La observación de la realidad enseña muchas cosas, y entre ellas, la de que prácticamente nada es lo que parece. De pronto, como si hubiera perdido el contacto de la mano de mamá en una muchedumbre, mi Lolita reconoció mi ausencia y primero taimadamente, mas luego ya con ansiedad manifiesta, me buscó con los ojos y después con el cuerpo entero. Era como un mustio girasol que se nutriera con la temperatura de mi mirada.  Despojada de ese sentimiento de seguridad que le había enquistado mi ferviente vigilancia, la muchacha se sintió desamparada, indefensa en medio del entumecido oleaje de la atención universitaria que convertía a aquel austero altar de la fe académica, en el bucólico remanso del anonimato total.

Supe entonces que ella me había visto antes de que yo la descubriera, y que sin sospecharlo, me había vuelto cómplice involuntario de una puesta en escena en la que yo resultaba el único espectador. Que su íntima exploración, sus movimientos, la repentina presencia de su lengua sobre el labio inferior abullonado y tierno, no habían sido más que etapas hacia el descubrimiento de una misma vocación fundamental. Pero ahora, sin público asistente, el mundo se le deshacía entre las manos como un bloque de hielo requemado a causa de mi fingida ausencia.

Dejó de escribir, de fingir atención, de explorarse con el dedo. En uno de sus atribulados giros, creí entrever lágrimas. No pude más. Mis perversiones quedan más próximas a la ternura que a la crueldad. Practiqué un paso lateral que me colocó ante sus ojos. Sonreí abiertamente y ejecuté un ligero ademán que puso en claro la certidumbre que de haberme sido posible, me hubiera mostrado desnudo ante ella como prueba de sumisión. Aceptaba mi pertenencia. Ya era de su propiedad. Mi cometido se centraría en el empeño de observarla por siempre hasta que ella lo impidiera por hartazgo, repugnancia o por haber encontrado un observador más eficaz.

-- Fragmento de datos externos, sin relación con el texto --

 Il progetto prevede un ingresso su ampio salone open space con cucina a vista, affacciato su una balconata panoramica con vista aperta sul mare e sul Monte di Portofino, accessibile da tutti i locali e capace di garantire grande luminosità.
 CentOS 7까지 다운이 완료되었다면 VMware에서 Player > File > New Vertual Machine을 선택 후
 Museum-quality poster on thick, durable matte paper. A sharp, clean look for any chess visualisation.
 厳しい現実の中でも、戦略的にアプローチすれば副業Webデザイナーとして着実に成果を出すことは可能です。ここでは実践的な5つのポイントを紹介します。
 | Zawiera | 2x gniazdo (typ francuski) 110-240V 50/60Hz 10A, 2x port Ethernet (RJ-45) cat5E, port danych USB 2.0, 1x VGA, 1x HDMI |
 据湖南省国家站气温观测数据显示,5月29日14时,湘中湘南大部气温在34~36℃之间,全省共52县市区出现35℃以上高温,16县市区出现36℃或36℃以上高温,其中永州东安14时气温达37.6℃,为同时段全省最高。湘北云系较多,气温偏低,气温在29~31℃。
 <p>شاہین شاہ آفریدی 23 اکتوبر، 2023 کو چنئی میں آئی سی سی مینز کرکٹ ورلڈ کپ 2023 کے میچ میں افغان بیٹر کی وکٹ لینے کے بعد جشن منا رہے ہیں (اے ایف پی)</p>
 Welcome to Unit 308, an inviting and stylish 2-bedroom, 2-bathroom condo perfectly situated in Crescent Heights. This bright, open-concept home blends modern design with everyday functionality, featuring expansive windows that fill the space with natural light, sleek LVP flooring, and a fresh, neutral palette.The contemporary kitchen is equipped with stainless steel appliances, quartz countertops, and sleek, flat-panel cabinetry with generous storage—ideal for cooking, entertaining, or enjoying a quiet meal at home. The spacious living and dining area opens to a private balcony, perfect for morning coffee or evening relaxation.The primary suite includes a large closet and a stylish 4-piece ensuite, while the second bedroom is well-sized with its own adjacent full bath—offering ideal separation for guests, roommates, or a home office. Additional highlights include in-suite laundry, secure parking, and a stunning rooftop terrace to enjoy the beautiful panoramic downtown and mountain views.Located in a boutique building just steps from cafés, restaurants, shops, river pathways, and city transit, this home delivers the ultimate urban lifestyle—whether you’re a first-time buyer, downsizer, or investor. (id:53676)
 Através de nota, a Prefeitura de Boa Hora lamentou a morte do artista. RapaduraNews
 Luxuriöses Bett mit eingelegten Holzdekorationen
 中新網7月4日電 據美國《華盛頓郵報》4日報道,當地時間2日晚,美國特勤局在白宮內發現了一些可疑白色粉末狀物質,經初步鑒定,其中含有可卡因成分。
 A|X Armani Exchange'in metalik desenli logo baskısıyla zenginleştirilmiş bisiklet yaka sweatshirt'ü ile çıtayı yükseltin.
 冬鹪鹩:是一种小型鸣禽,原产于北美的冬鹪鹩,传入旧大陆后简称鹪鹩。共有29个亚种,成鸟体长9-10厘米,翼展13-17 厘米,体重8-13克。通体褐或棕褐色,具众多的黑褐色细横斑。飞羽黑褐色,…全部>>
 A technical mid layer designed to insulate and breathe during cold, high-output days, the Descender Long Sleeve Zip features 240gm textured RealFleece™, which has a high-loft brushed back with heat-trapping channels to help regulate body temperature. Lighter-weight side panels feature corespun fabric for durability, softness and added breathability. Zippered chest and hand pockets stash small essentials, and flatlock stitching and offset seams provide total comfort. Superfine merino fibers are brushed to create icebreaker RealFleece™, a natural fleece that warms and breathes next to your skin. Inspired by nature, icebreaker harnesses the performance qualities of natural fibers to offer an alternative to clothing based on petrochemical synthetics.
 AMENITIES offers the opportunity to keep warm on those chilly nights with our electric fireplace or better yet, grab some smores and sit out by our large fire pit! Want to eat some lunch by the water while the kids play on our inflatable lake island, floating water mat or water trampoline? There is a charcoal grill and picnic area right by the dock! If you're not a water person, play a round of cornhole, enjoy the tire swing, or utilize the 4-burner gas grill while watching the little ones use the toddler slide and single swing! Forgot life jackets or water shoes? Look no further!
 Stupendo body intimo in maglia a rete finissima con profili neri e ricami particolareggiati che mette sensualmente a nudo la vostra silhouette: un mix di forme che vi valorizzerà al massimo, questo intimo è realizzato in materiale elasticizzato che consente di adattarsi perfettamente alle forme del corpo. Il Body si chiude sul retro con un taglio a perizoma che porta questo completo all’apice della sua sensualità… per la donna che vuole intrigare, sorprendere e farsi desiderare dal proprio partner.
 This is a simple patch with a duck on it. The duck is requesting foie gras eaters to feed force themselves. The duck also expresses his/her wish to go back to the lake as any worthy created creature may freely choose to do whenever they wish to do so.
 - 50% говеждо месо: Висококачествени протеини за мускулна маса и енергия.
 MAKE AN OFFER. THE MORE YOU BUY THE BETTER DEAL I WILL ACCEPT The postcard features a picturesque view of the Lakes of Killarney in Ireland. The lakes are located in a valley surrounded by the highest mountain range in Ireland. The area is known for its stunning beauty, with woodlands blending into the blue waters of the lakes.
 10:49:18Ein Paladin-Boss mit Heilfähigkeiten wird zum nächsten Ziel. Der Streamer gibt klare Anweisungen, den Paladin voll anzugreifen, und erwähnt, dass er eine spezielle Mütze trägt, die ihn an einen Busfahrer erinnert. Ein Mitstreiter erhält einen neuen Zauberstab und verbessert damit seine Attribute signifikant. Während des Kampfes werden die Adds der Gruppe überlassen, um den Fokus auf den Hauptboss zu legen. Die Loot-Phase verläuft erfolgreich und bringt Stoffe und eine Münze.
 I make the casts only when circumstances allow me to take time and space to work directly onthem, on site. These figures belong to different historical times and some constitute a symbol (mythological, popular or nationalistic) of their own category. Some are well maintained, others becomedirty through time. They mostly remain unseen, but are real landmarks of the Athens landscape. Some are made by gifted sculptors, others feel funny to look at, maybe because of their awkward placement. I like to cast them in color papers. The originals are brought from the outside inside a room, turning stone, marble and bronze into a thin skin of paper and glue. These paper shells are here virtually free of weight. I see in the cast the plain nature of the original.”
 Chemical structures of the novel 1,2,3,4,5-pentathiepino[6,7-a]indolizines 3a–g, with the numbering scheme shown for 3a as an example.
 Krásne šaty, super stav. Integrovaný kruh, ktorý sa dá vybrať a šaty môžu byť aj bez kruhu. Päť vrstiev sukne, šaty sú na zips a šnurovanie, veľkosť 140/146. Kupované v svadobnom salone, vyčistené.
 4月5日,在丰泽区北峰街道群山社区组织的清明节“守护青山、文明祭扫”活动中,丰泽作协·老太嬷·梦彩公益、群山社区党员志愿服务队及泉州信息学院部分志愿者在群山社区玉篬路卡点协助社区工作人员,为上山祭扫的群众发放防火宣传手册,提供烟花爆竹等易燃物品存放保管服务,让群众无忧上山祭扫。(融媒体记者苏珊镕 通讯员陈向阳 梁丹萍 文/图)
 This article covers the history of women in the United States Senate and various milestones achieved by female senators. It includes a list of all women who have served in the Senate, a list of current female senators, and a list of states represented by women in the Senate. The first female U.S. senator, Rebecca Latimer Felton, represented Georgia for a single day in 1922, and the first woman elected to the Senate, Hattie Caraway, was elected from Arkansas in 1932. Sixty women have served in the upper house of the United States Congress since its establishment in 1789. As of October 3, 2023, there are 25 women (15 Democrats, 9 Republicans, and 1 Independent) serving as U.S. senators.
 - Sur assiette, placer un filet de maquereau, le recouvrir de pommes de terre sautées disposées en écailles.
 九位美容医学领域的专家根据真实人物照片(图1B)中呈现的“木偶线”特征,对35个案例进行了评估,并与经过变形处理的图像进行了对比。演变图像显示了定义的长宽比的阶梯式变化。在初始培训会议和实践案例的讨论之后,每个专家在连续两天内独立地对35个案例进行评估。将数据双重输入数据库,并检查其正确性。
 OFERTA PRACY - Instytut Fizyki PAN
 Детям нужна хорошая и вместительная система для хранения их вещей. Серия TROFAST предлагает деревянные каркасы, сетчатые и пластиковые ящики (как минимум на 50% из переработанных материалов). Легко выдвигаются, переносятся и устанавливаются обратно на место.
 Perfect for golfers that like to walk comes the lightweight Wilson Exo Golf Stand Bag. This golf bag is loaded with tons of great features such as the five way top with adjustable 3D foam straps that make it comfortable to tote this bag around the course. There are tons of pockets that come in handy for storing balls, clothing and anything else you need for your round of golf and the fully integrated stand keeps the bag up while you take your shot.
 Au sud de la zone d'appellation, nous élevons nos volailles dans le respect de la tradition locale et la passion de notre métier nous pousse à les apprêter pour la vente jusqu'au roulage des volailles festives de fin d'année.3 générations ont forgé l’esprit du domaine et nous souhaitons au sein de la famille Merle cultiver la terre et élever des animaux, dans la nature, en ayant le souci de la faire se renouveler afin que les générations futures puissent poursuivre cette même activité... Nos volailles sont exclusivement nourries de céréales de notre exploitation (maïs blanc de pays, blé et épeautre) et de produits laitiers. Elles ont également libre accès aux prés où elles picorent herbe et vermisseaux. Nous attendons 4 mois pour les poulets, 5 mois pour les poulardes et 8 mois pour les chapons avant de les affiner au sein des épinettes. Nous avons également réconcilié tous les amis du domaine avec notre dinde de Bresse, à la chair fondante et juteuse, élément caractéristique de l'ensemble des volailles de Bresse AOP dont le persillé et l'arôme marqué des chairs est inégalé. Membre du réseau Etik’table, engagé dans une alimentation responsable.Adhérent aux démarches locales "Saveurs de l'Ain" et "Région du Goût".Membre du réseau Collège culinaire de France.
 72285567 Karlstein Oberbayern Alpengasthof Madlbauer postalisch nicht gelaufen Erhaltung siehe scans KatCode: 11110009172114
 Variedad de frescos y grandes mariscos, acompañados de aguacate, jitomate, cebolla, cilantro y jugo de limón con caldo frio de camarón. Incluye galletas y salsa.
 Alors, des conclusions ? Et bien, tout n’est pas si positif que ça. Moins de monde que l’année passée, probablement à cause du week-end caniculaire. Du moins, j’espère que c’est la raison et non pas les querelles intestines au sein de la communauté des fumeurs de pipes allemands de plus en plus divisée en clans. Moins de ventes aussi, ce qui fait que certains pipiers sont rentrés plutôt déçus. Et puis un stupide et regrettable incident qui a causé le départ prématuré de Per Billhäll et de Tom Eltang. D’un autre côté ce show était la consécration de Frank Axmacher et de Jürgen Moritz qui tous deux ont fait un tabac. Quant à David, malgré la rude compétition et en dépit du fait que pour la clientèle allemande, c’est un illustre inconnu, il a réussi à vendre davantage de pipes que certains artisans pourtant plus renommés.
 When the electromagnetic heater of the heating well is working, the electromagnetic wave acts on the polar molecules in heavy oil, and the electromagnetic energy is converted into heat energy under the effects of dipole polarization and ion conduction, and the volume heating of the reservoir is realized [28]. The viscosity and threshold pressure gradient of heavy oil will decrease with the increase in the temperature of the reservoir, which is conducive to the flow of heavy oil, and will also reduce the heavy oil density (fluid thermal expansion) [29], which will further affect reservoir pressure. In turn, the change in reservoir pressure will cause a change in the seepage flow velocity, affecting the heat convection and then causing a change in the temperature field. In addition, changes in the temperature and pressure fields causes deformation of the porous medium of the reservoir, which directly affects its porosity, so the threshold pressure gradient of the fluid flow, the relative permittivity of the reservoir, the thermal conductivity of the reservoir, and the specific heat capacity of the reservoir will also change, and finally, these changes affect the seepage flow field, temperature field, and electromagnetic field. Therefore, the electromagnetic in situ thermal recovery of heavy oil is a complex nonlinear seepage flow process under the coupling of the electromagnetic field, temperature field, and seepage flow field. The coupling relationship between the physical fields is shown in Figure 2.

Sin embargo Lolita me recibió con gesto adusto. Me estudio de arriba abajo con displicencia científica hasta que constató mi rendición absoluta y supo que al amparo de su mirada, justo en el vértice donde se tocan mis muslos, volvía a germinar enriquecida por el agua de sus ojos, la raíz de la paz y la coexistencia intergenérica.

Con el color de la victoria brillando en la curva de sus ojos, urgida ya por las terminantes declinaciones del ponente, Lolita volvió la mirada hacia el podium, acomodó la libreta sobre los muslos, abandonó el bolígrafo en la alfombra, y se dispuso a recibir la verdad definitiva. Vi aparecer en sus mejillas el tono de su sangre, y a sus pechos acometer una presencia invisible impulsados por los crecientes altibajos de su respiración. Y mientras los iniciales espasmos del aplauso se uniformaban en el reflector que la hacía cerrar los ojos, yo advertía a mi propio contento quebrarme por la cintura hasta sacar a la superficie un pequeño universo esta vez originado en la mirada.